▶ **Exercise requirements**
Here the job is to retype the data word for word while leaving the pictures aside.

▶ **Data shown**
-=-=-=-=-
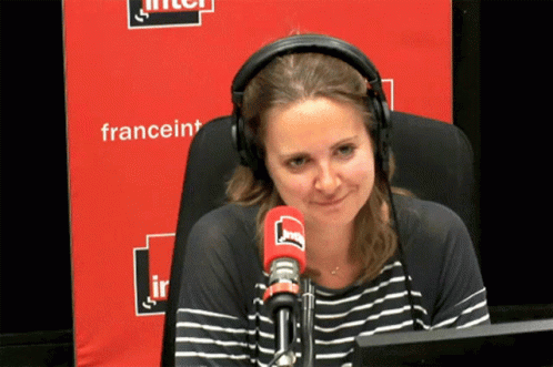 Paglalarawan ng Content: a woman wearing headphones stands in front of a microphone in front of a franceint sign
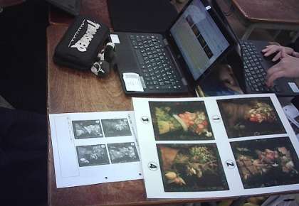 美術は、四季をテーマに鑑賞の授業に取り組んでいます。学習者用端末を使用して考えを入力しています。
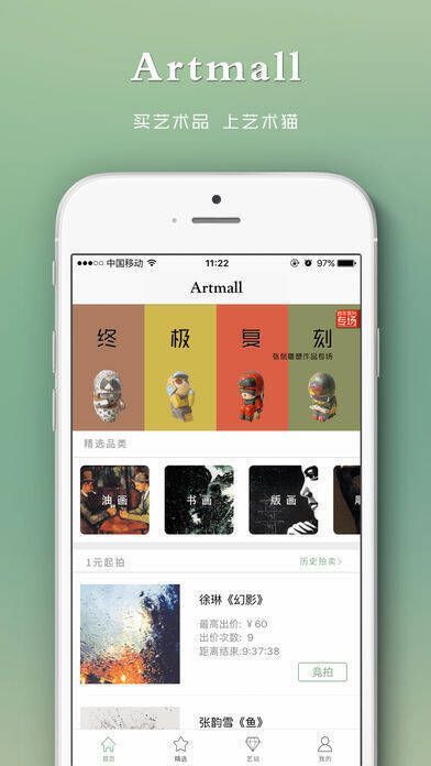 1、Artmall(艺术猫)是国内领先的艺术品在线交易与交流平台。
-=-=-=-=-
▶ **Written answer**
 Paglalarawan ng Content: a woman wearing headphones stands in front of a microphone in front of a franceint sign
 美術は、四季をテーマに鑑賞の授業に取り組んでいます。学習者用端末を使用して考えを入力しています。
 1、Artmall(艺术猫)是国内领先的艺术品在线交易与交流平台。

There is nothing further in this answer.